Is an act morally good because God commands it or does God command it because it is good?In this post I'd like to reflect on the first of the dilemma's two horns: Is good simply whatever God commands such that cruelty or hatred would be good if God commanded them? If so, it seems that good is just the arbitrary choice of the deity which seems to most people to be an unacceptable option.
The problem with this part of the dilemma, though, is that if we stipulate that God is omnibenevolent, and that "good" is that which conduces to human happiness, then the suggestion that God could command cruelty or hatred is an incoherent act description. Here's why:
The hypothesis that God could command cruelty presupposes a state of affairs in which a perfectly good being, i.e. one whose essence it is to always do that which ultimately conduces to human well-being and happiness, nevertheless commands us to do something which produces gratuitous suffering and pain. There's a profound logical conflict in that.
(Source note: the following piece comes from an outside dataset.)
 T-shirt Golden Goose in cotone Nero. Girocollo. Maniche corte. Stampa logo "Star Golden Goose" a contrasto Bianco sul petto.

In other words, if goodness is as we've defined it, and if God is perfectly good, then it's logically impossible for cruelty to be part of his nature or for him to command cruelty or anything else incompatible with ultimate human well-being and happiness. It would require of God that he issue a command that is opposed to his own nature. It's like positing a state of affairs in which there is something which a being who knows everything nevertheless doesn't know.
An act is morally good not because God commands it but because it approximates or conforms to His nature which is the ultimate standard or template of goodness.
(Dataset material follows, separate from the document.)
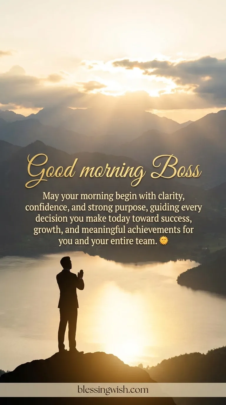 These long blessings help you express deeper respect and appreciation. They combine motivation, gratitude, and encouragement while wishing your boss success, clarity, and leadership strength throughout the day. 🌅

So, the proper answer to the question of whether God commands us to love because love is good or whether love is good because God commands it, seems to me to be "neither." God commands us to love because it is his desire to have the world conformed to his own essential nature which is perfect goodness and love.
If what's been said in this and the previous posts is correct then the Euthyphro Dilemma fails as an objection to the moral argument outlined in the first post in this series. It certainly doesn't succeed in putting the theist in the kind of bind some think it does.